= Cyprus v Turkey =

Concerning Turkish Invasion of Cyprus

Cyprus v. Turkey (IV) (2001) (No. 25781/94) is a case raised by Cyprus against Turkey in 1994 and decided on merits by the Grand Chamber of the European Court of Human Rights in 2001. It concerns the situation existing in Northern Cyprus after 1974 Turkish invasion of Cyprus and the de facto separation of the Mediterranean island.

==Judgment==

On the accountability, the Court held, by sixteen votes to one, referring to its Loizidou v. Turkey judgment, that the facts, which were complained of, fell within the jurisdiction of Turkey and therefore entailed Turkey's responsibility.

On the merits, the Court held with differing divisions of votes (in most cases either unanimously or by 16 votes to 1):
- that there had been 14 violations of the European Convention on Human Rights by Turkey:
  - Violations of Articles 3 and 5 concerning Greek-Cypriot missing persons and their relatives;
  - Violations of Articles 8, 13 and P1-1 concerning home and property of displaced Greek-Cypriots;
  - Violations of Articles 3, 8, 9, 10, 13, P1-1 and P1-2 concerning living conditions of Greek-Cypriots in Karpas region of northern Cyprus;
  - Violation of Article 6, concerning rights of Turkish Cypriots living in northern Cyprus;
- that there had been no violation concerning part of complaints, including all those raised under Articles 4, 11 and 14, and
- that it was not necessary to consider some complaints, including those under Article P1-3.

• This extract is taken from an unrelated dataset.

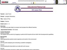 Young scientists take a close looks a samples of sand that come from three different beaches. They use microscopes to view the three slides, and make observations on a worksheet. At the end of the lesson, learners share their...

Deciding on possible awarding compensation was postponed and the judgment on this issue was adopted on 12 May 2014, ordering Turkey to pay €90,000,000 to Cyprus.

==Separate opinions==
Judges Palm (Sweden), Costa (France), Jungwiert (Czech Republic), Pantiru (Moldova), Levits (Latvia), Kovler (Russia), Fuad (Turkey) and Marcus-Helmons (Cyprus) expressed partly dissenting opinions to the judgment on the merits.

15 judges have expressed five concurring or dissenting opinions on the judgment on just satisfaction.